David Bentley Hart’s ‘The Experience of God’ has so far been the best experience of reading I’ve head in a long, long time (Plantinga’s ‘Where the Conflict Really Lies’, was like this for me, only way more analytic). Definitely one of the best philosophy/metaphysics/philosophy of science/religion books recently published. That guy is way too smart. I’ll probably post some review-ish stuff after I’ve read it more, but suffice it to say that he brilliantly dismantles materialism on three fronts: that of being, of consciousness, and bliss. The best section so far? Very hard to say. I’ll go with consciousness and bliss for the moment – his exposition of various problems in philosophy of mind (qualia, intentionality, abstract concepts) is, quite simply, superb. Bliss? Absolutely fantastic exploration of desire, the will, the good, beauty, etc. Being is outstanding as well (it’s pure fun watching him analyze Platninga’s modal ontological argument), but so far consciousness and bliss are the best for me. If you haven’t read it, read it. It’s cheap on Amazon. One last note: his use of Eastern (primarily Hindu) and Islamic metaphysics in the section on being is pretty dang cool.

Finally getting around to reading N.T. Wright’s big books – unfortunately the library only had ‘Jesus and the Victory of God’, so I’m starting there. Very readable and easy to understand – it is dense in parts but that’s purely due to the content and not the style. I forget sometimes how powerful of a thinker Wright is, and this book is definitely re-proving it. So far of his I have and have read ‘Paul’, ‘Justification’, ‘Scripture and the Authority of God’, ‘Surprised by Hope,’ (which lives up to the hype) ‘Evil and the Justice of God’, and his popular commentary on Paul’s prison letters (and most of his available online articles and essays). N.T. Wright is the man.
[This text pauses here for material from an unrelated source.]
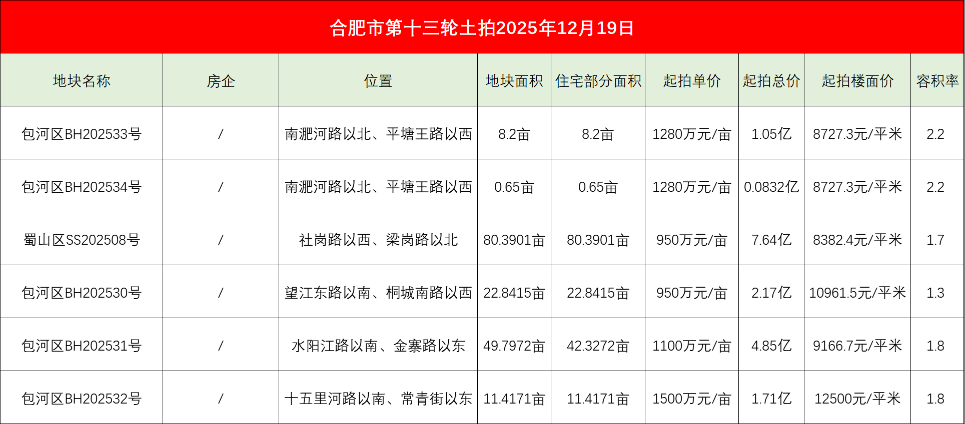 近日,合肥陆续发布国有建设用地使用权出让公告,计划于12月19日出让包河、蜀山的6宗居住用地。(暂定,后续也许还会新增地块)

Plowing through Wolterstorff’s ‘Divine Discourse’. Yikes. Dense and analytic. Well written, but even great style can’t un-densify such a topic. Great exposition of the famous Augustine passage, ‘take and read’, (or something like that), and a superb analysis and discussion of speech-acts. Great stuff for the philosopher of language in me. His seperation of divine speech and divine revelation is pretty interesting, and I’m looking forward to his discussion of inerrancy.
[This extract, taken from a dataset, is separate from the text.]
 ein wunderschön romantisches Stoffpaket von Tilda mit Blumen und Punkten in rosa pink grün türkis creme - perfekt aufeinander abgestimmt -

Also just got Torrance’s ‘Incarnation: the Person and Work of Christ’. Not as good as ‘Atonement’, unfortunately. It has a much less polished feel (these are, however, lectures – but ‘Atonement’ didn’t have this same feel). Great content – Torrance really doesn’t need a introduction in terms of his brilliant thought and command of primary sources. But again, just not as ‘wow’, feeling as ‘Atonement’. Great discussions on the meaning of ‘nature’, though, as well as things like election, hypostatic union, etc.

Sort of continuing to read through Russell’s ‘Knowledge of the External World’, and every time I pick it up, wow. What a brilliant mind – clear, precise writing, even on such a heavy topic. His linguistic approach to the problems of external-world knowledge is pretty cool, but his sense-data thing is a little out of date. But on the whole, a great philosophical read.
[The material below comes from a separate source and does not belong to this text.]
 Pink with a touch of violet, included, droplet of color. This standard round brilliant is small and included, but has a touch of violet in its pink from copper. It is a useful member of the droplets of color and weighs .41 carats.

I just ordered Tim Maudlin’s ‘The Metaphysics Within Physics’. I’ve read/watched some of his stuff and I like him a lot. Hopefully this volume will give me a bit better understanding of modern metaphysics in current cosmology.

Finally, starting to make progress in Timothy Zahn’s ‘Vision of the Future’, which is part 2 of the ‘Hand of Thrawn’ two-book series (duology?). Yes, I am a Star Wars geek.  Zahn is an amazing sci-fi writer (read ‘Outbound Flight’, or ‘Heir to the Empire’ for further proof) and this story, while not his best work is pretty darn entertaining if a little long-winded. Over 700 pages, I think. Great writer, good writing, and a good yarn. Highly, highly recommend any of Zahn’s work, but the two cited above are absolute standouts and some of my favourite overall fiction.

And that’s what I’m reading. I hope to soon go through the two Tillich volume I have, ‘The Courage to Be’, and ‘The Essential Tillich’, in a more systematic way. I’d like to continue ‘The Russian Experiment in Art’, and explore art/aesthetics in more detail overall. John Haldane and Roger Scruton have both written in this area and I’d like to read them as well. I’ll probably start re-reading the McCarthy books I have – ‘The Road’, ‘Suttree’, ‘No Country for Old Men’, ‘Outer Dark’, and ‘All the Pretty Horses’, – come winter. Maybe go back through Redwall again. I also need to go through the to C.S. Lewis books I have on literary criticism/literature, ‘A Study in Words’, and ‘The Discarded Image,’ which means I’ll inevitably go through ‘The Monsters and the Critics’, by Tolkien.

Anyways, enough rambling. Hopefully I did nothing more than show a love for a good book – there is almost nothing I love more tan talking at length about books.